Apex-Testing has published a major update to its real-world agentic coding benchmark, now covering 95% of recent models. The benchmark was created to cut through the noise of inflated claims and curated demos by dropping models into real private GitHub repositories — 65 to 70 actual codebases with genuine bugs and feature requests. Models must figure out fixes and additions just like a developer would, across 70 tasks in 8 difficulty categories.
The updated metrics include average cost per task, average time to complete, scoring per category/difficulty, and an ELO-based leaderboard for head-to-head comparisons. However, some runs are still incomplete: Qwen3.7 Max is about 40/70 tasks done, DeepSeek v4 Pro+Flash are partially done, and Qwen3.6 local models are yet to be added. The maintainer is considering donations or OpenRouter tokens to cover API costs for future updates, while local models that fit in VRAM will always be added. The goal is to provide a transparent, reproducible way to see what actually works in real-world coding tasks versus what’s just marketing.

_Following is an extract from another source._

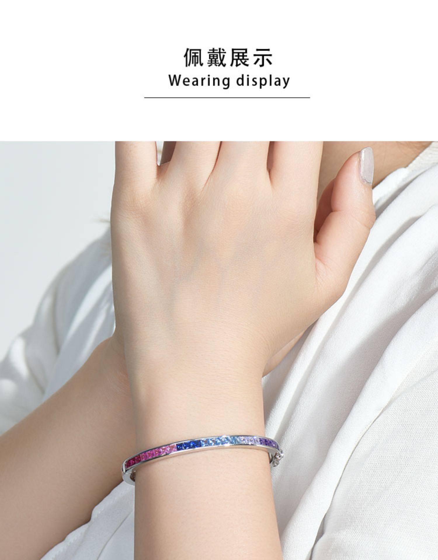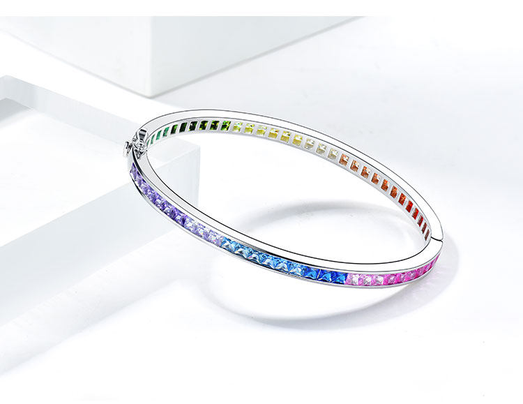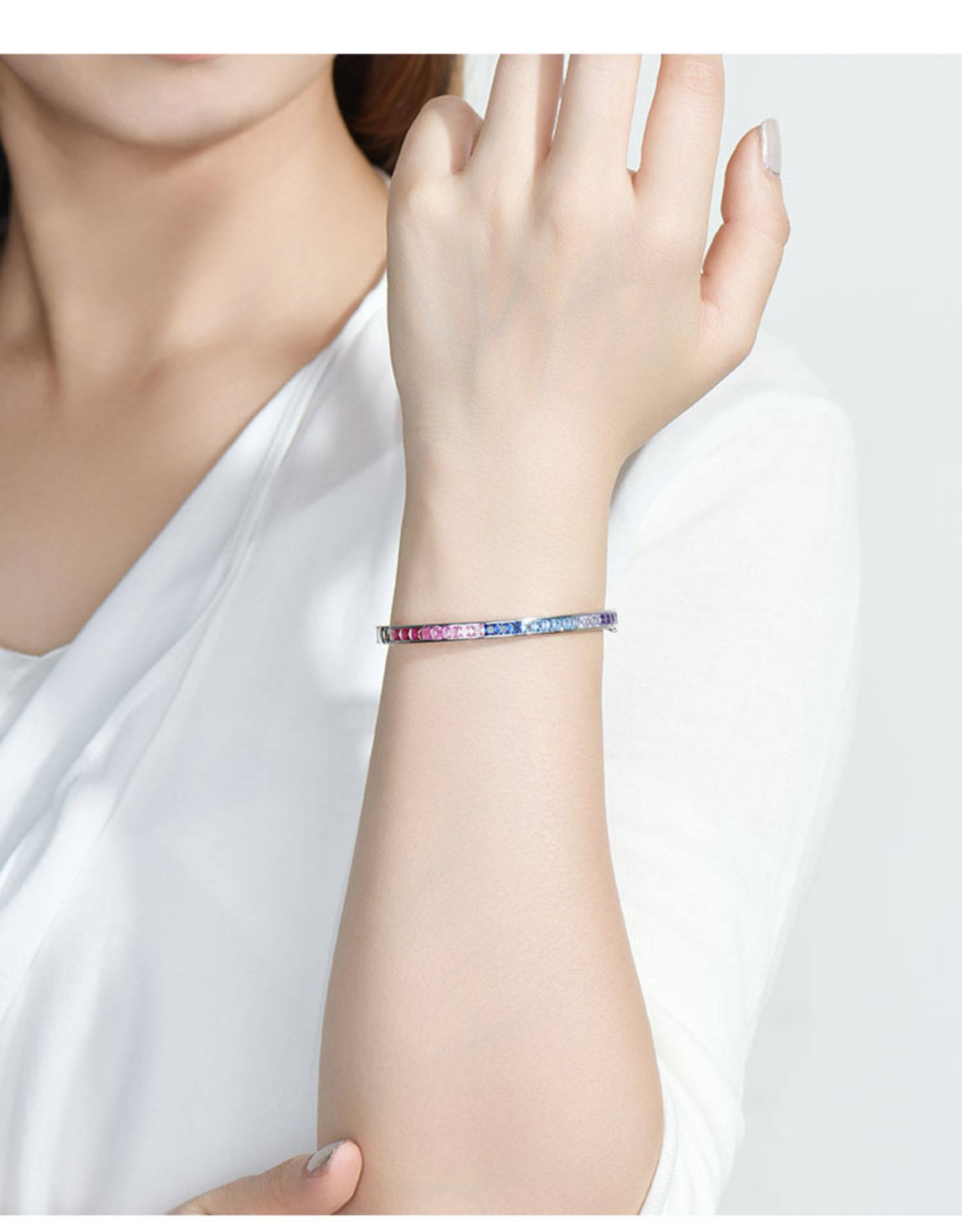 Ювелирное украшение, сапфировый радужный модный браслет из натурального камня, серебро 925 пробы, градиент, с драгоценным камнем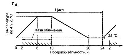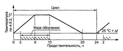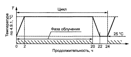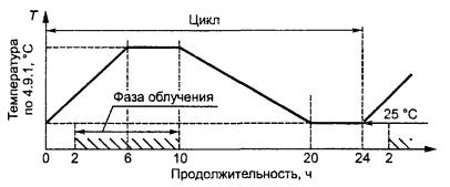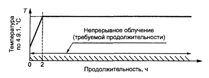 где Тв - верхнее значение температуры при испытании в камере солнечного излучения, °С; Т2 - верхнее значение температуры по таблице 2, °С; Dt - значение превышения температуры изделия над верхним значением температуры воздуха, вычисленное в соответствии с ГОСТ Р 51368 по данным для методов 201-1.2, 201-2.2 и приложения Б. 4.10. Для метода 211-1 выдержку проводят непрерывно в соответствии с рисунком 1, для методов 211-2 - 211-4 - циклами. Продолжительность каждого цикла - 24 ч. Изменение температуры и режим излучения - в соответствии с рисунками 2 - 5. Для метода 211-4 в стандартах и ТУ на изделия и ПИ может быть предусмотрено измерение необходимых параметров изделий в процессе испытаний в период совместного воздействия верхнего значения температуры и солнечного излучения. Для метода 211-5 испытание проводят путем проверки изделий на теплоустойчивость методами 201-1.1 или 201-2.1 и 201-2.2 по ГОСТ Р 51368 со следующими изменениями и дополнениями: - выдержку проводят в камере солнечного излучения; - верхнее значение температуры воздуха в камере устанавливают в соответствии с 4.9.1; - режимы изменения температуры и излучения устанавливают, как правило, как для метода 211-2. Однако если продолжительность измерения параметров изделия, предусмотренного для методов 201-1 и 201-2, превышает продолжительность совместного воздействия верхнего значения температуры и излучения, применяют режимы изменения температуры и излучения как для метода 211-3. Метод 211-5 можно применять как начальную стадию испытаний изделий по методам 211-1 - 211-4 или как самостоятельный вид испытаний. Режим облучения и зависимость температуры от времени Рисунок 1 - Метод 211-1. Рисунок 2 - Метод 211-2.

- 70 tasks across 8 categories, all from real private GitHub repos with actual bugs and feature requests
- Metrics include average cost, time, scoring by difficulty, and an ELO-based leaderboard for model comparison
- Some models (Qwen3.7 Max, DeepSeek v4) are still incomplete; local Qwen3.6 models to be added soon
Why It Matters
Provides a much-needed reality check on model performance for developers tired of hype-driven benchmarks.